More was first educated by her father and then at the girls’ boarding school he had established in Bristol, where she would later teach. She was a friend of Elizabeth Montagu and Joshua Reynolds, as well as Johnson and Wilberforce. ‘As a consequence of her celebrity as a woman writer copies of her Strictures on the Modern System of Female Education ... rushed off the shelves; seven editions were printed in the first year alone.
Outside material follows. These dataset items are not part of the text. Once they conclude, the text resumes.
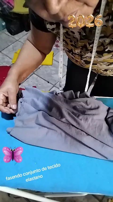 conjuntinho do dia a dia só tira as medidas com pedaços de tecido elastano
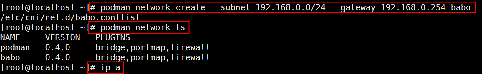# podman network create --subnet 192.168.0.0/24 --gateway 192.168.0.254 babo
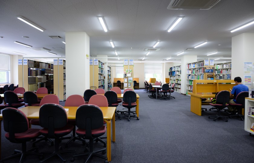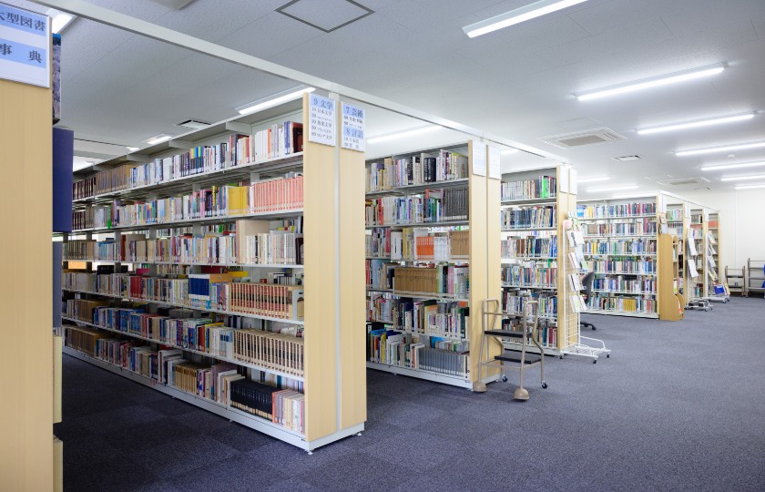 本校図書館には、約77,000点の図書などを備え付けており、一般教養から専門科目の学習、卒業研究や教員の研究活動のために自由に利用できるようになっています。通常配架に加え、各学科の推薦図書や「いのち」「防災」などの特別図書、雑誌やDVD、情報検索などのコーナーを設けています。
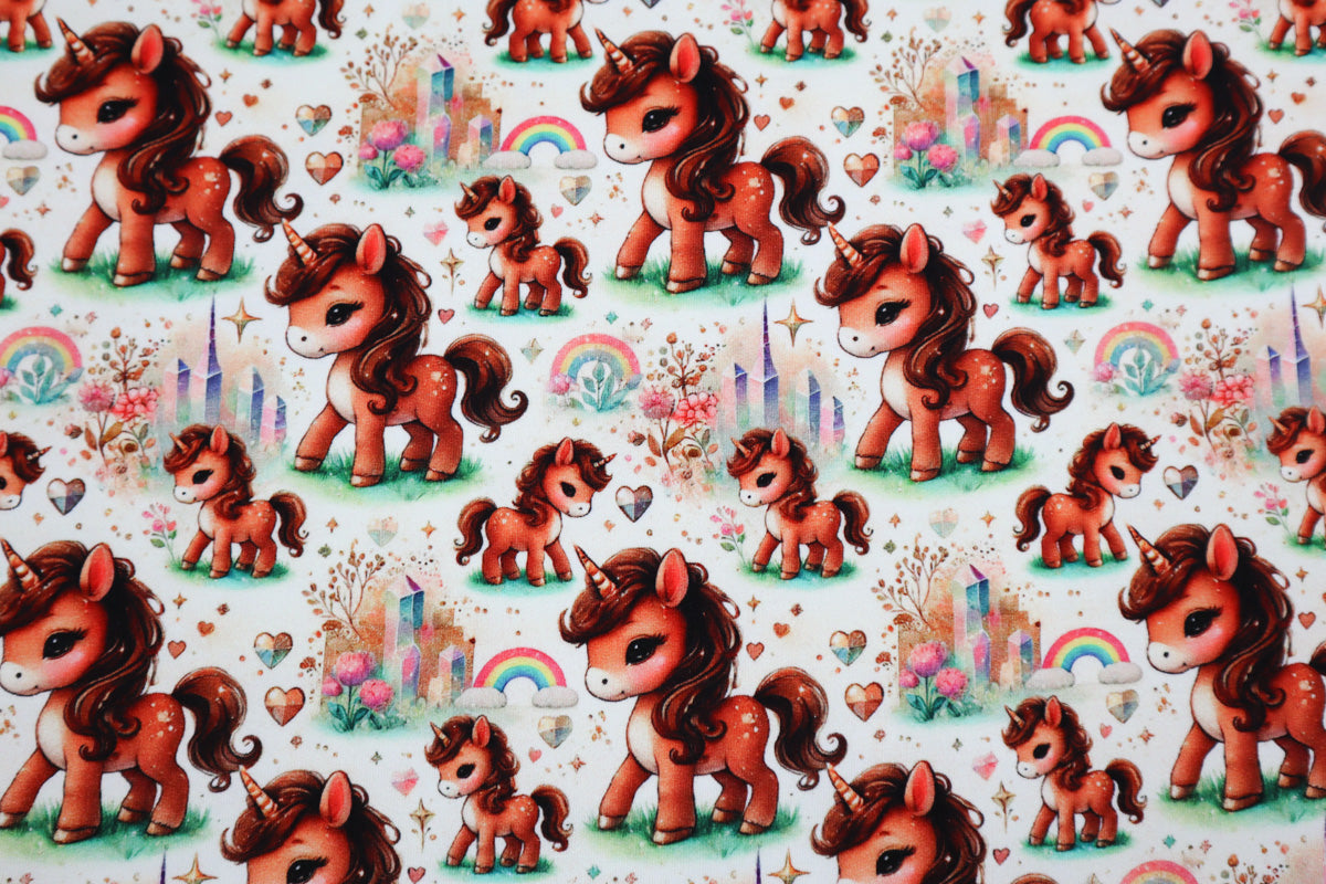 Niedliche Einhörner , Regenbögen und Diamanten in zarten Farben auf naturweißem Hintergrund,

In her review of her contemporary attitudes towards female education she criticized both Jean-Jacques Rousseau's doctrine of sensibility, which turned women into creatures of mere sentiment, and Mary Wollstonecraft's belief in female rights, which encouraged women to adopt an aggressive independence; she proposed that women should be educated neither as Circassians nor as Amazons but as Christians’ (ODNB).

Provenance: from the library of Mary Hill (née Sandys, 1764–1836), Marchioness of Downshire and later Baroness Sandys, a wealthy heiress, society hostess and literary patron, widow of the politician Arthur Hill. Raised by her uncle, one of Samuel Johnson’s ‘Streatham worthies’, she became a friend of both the Prince of Wales and Mrs Fitzherbert, and once entertained the Prince for four days at the family seat of Ombersley. She built up a fine collection of contemporary fiction, mostly by women, to add to the family library, and took great care over the education of her children following the premature death of her husband.